The Chancellor’s usually immobile features gave perceptible token of his surprise. His bushy brows raised the merest trifle, and his keen black eyes widened.

“His story was, I must confess, not altogether satisfactory, your Royal Highness,” he answered, quietly; “it was, I may say, lacking in detail.”

“I would suggest,” continued Grey, in a tone equally repressed, “that you question him in the line I have indicated.”

The Chancellor bowed.

“I have to thank you,” he said, gravely. “I shall do so. That is very certain.”

Grey arose and Count von Ritter got to his feet instantly. The American stood for a moment in indecision, very tall, very erect. There was no denying that he looked every inch the Prince. Whether to declare that he was not he hurriedly debated. Meanwhile the Chancellor was still striving to detect the madness of which Lindenwald had spoken. To each question he had given the most searching mental scrutiny; to each gesture, to each intonation he had paid the closest heed, but he had discovered practically no indication of the malady charged. With Grey’s next utterance, however, all the fabric of his assurance fell crumbling.
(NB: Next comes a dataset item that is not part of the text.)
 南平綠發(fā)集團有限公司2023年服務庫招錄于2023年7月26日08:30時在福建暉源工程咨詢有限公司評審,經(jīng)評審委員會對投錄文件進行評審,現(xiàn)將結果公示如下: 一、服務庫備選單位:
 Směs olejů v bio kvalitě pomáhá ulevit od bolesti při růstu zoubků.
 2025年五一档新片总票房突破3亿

“Count von Ritter,” he said—he had been for a moment gazing out through the window at the varied landscape now dimming with the dusk, but as he spoke he turned and faced the Chancellor—“Count von Ritter, I can delay no longer in confiding to you a matter so grave that I scarcely know how to frame it in words. May I ask you to again be seated?” And he waved his hand towards the settee from which the Count had risen.

The Chancellor seated himself without speaking, and Grey resumed his place in the chair near him.
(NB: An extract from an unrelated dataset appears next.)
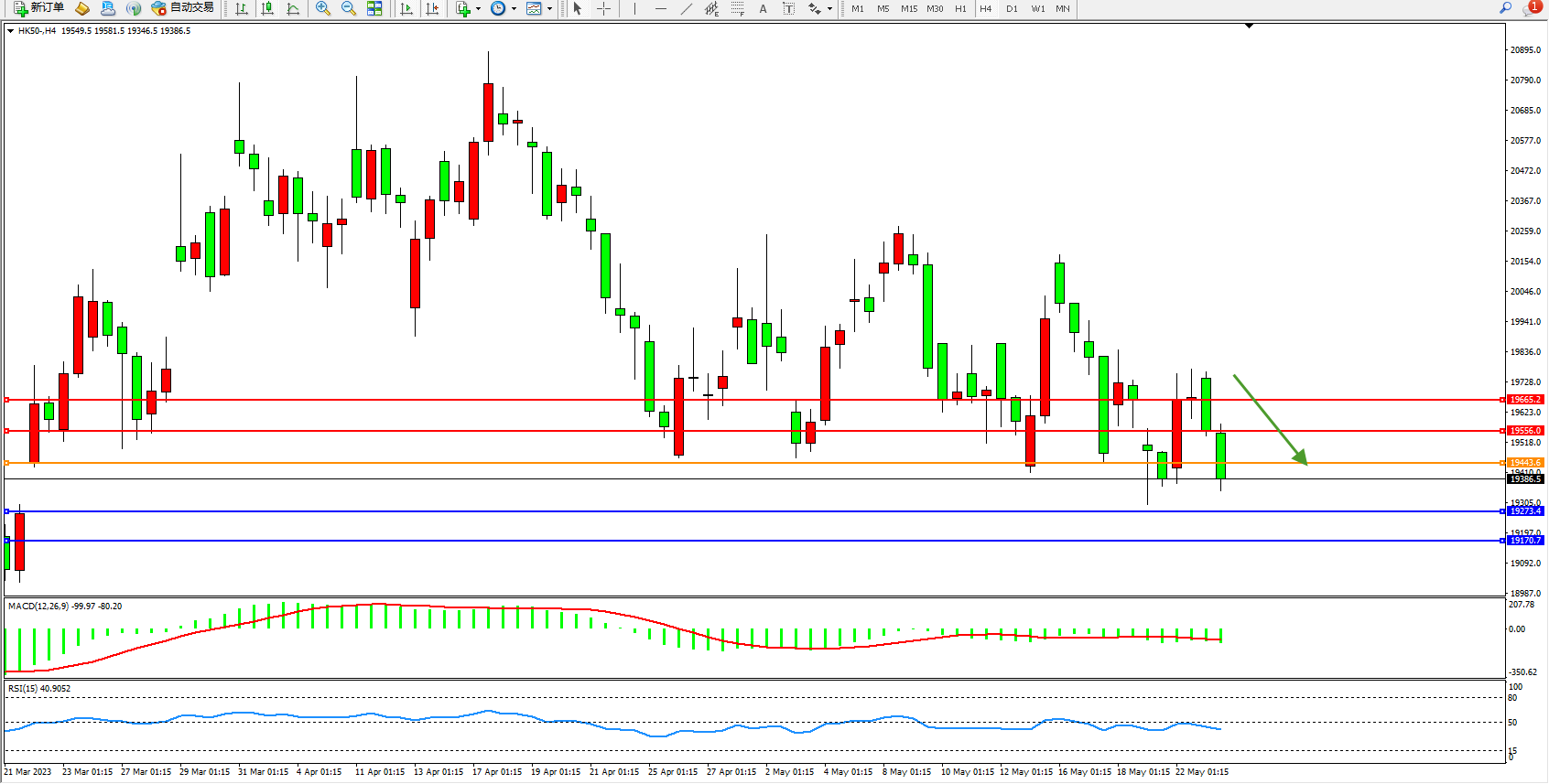 香港恒生指数5月23日(周二)收盘下跌246.92点,跌幅1.25%,报19431.25点;港股高开低走,三大指数午后跌幅进一步加大,市场情绪表现低迷。恒指最终下跌1.25%,国指、恒生科技指数分别下跌1.35%和1.31%。昨日领涨大市的科技股普遍齐挫,大金融股(银行、保险、券商)等热门股纷纷下跌。南下资金全日净流入58.75亿港元,大市成交额为863亿港元。

“The reason I have asked you what I have,” continued he, speaking slowly and with more than his usual deliberation, “is that I have been—I was about to say astounded, but that is too weak a word—I have been stunned and dumfounded by the proved credulity of a nation which has the reputation, next to Russia, of possessing the most astute diplomats in all Europe. That a government so fortified could be tricked into placing its sceptre in the hands of an American citizen, whose ancestry shows no trace of Budavian blood and whose antecedents are an open book, seems out of all reason; and yet it is precisely what you and your confrères, Count, have, as is now conclusively evidenced, been led into.”

Upon the Chancellor’s face was an expression which Grey could not fathom. He was neither startled nor incensed. There was, indeed, just the faintest suspicion of amusement in his keen black eyes, mingled with a spirit of kindly indulgence.